### WORK ITEM
Please retype the listing exactly as it appears, skipping each picture.

### DATA SHOWN
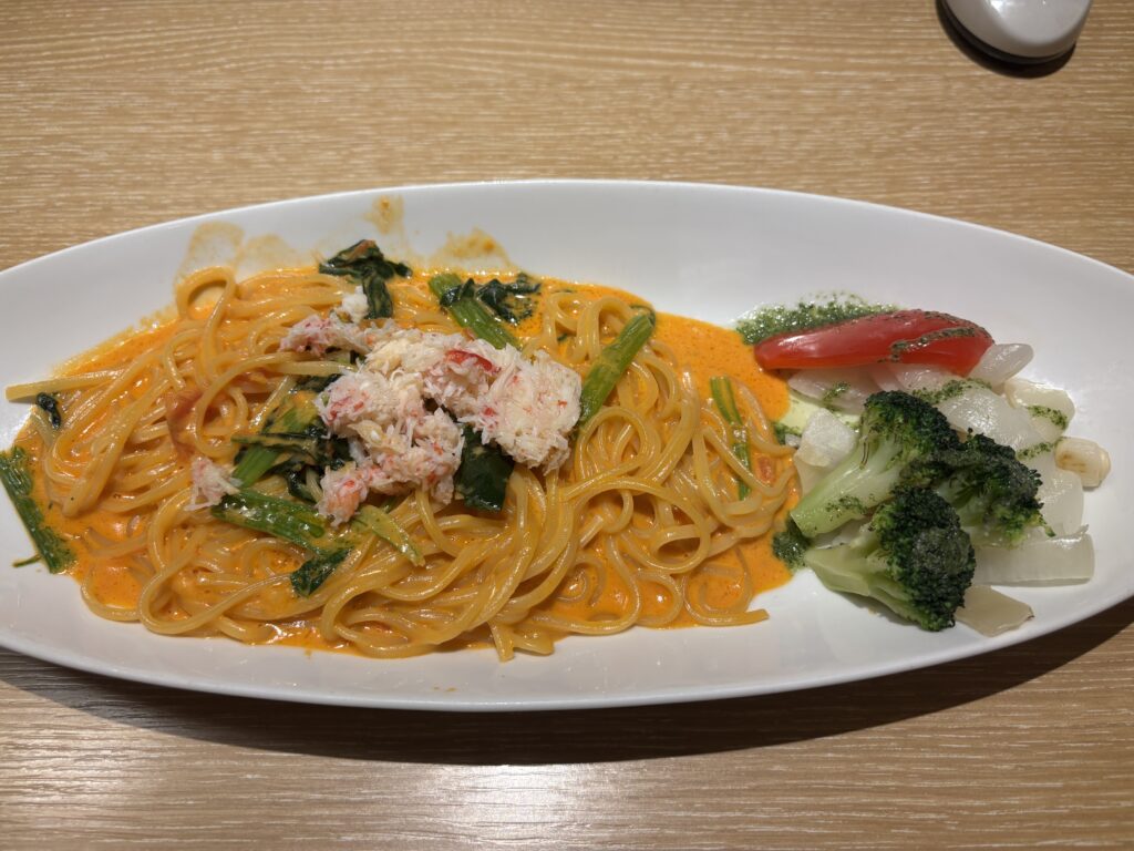 私が選んだパスタも、温野菜がたっぷり添えられていて、野菜がしっかり摂れるのが嬉しい。
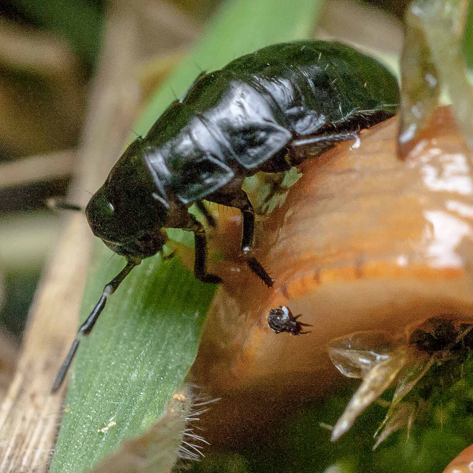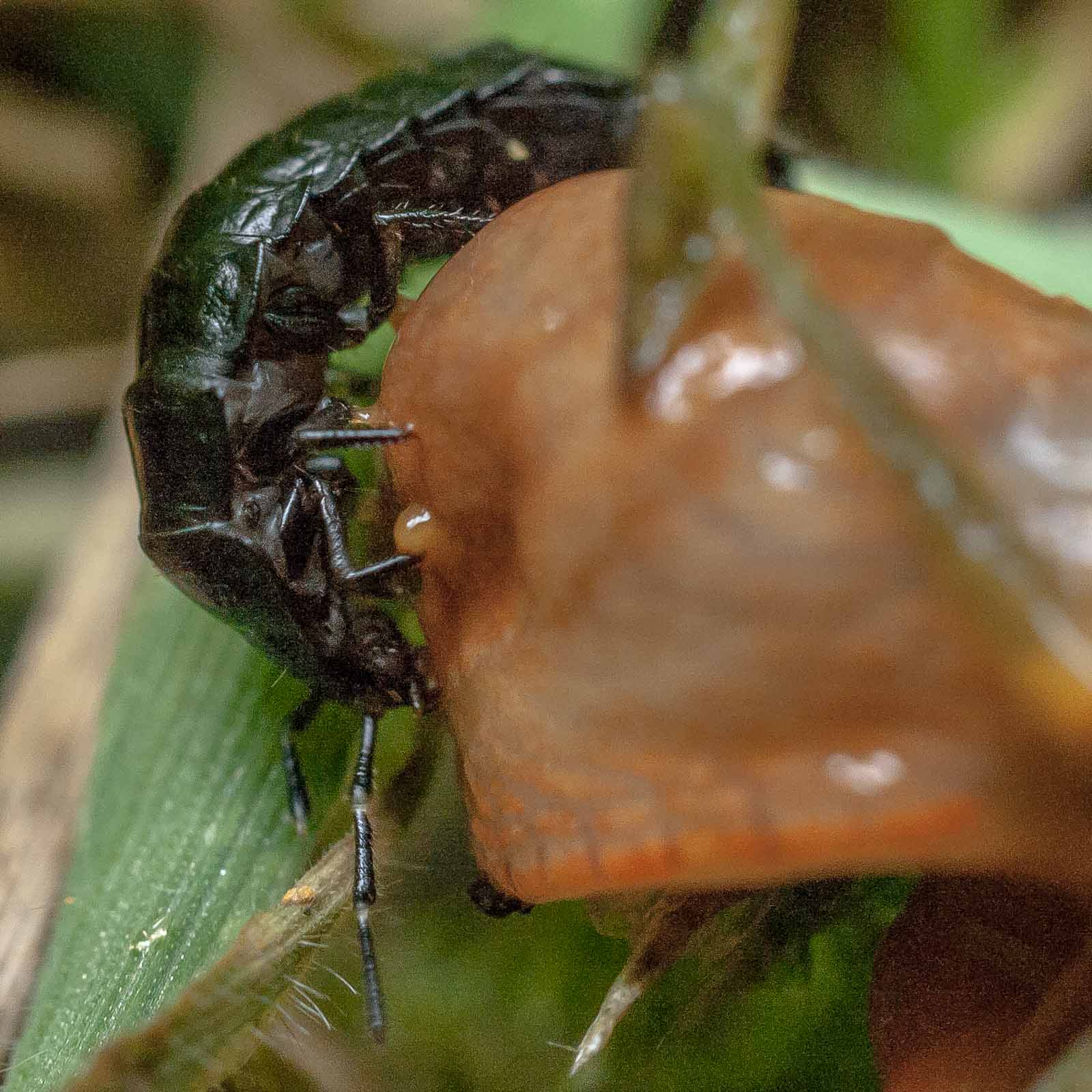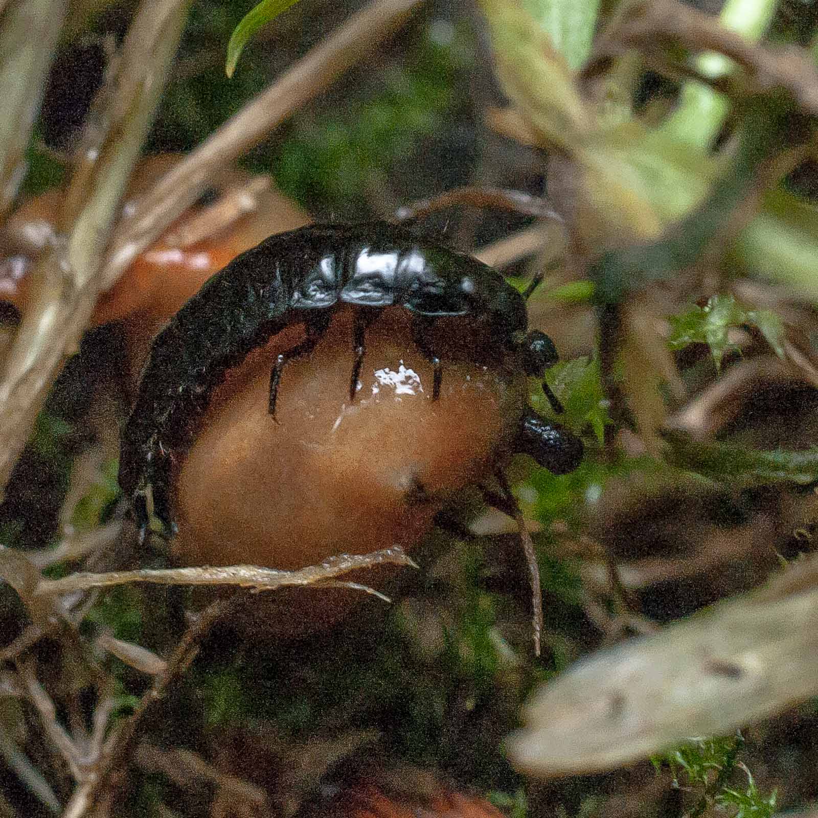 Die flugunfähigen, nachtaktiven Tiere jagen am Waldboden Insekten, Schnecken, Würmer und Aas, manchmal gehen sie auch an Obst. Tagsüber verstecken sich die Käfer unter Moos oder Steinen, nur sehr selten kann man sie auch am Tage beobachten. Bei Gefahr sondern sie aus Drüsen am Hinterleib eine übel riechende Flüssigkeit aus. Die Larven verpuppen sich nach mehreren Häutungen im Boden. Aus ihnen schlüpft dann der fertige Käfer. Die Art bildet eine Generation im Jahr, die von August bis September angetroffen werden kann. Die Käfer leben etwa zwei bis drei Jahre.
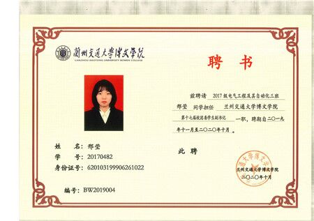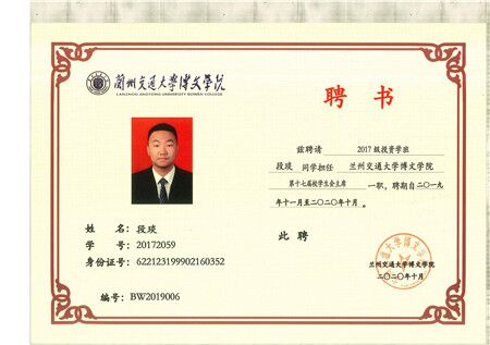 共青团兰州交通大学博文学院委员会2019-2020年度学生干部聘任名单

### ANSWER SPACE
 私が選んだパスタも、温野菜がたっぷり添えられていて、野菜がしっかり摂れるのが嬉しい。
 Die flugunfähigen, nachtaktiven Tiere jagen am Waldboden Insekten, Schnecken, Würmer und Aas, manchmal gehen sie auch an Obst. Tagsüber verstecken sich die Käfer unter Moos oder Steinen, nur sehr selten kann man sie auch am Tage beobachten. Bei Gefahr sondern sie aus Drüsen am Hinterleib eine übel riechende Flüssigkeit aus. Die Larven verpuppen sich nach mehreren Häutungen im Boden. Aus ihnen schlüpft dann der fertige Käfer. Die Art bildet eine Generation im Jahr, die von August bis September angetroffen werden kann. Die Käfer leben etwa zwei bis drei Jahre.
 共青团兰州交通大学博文学院委员会2019-2020年度学生干部聘任名单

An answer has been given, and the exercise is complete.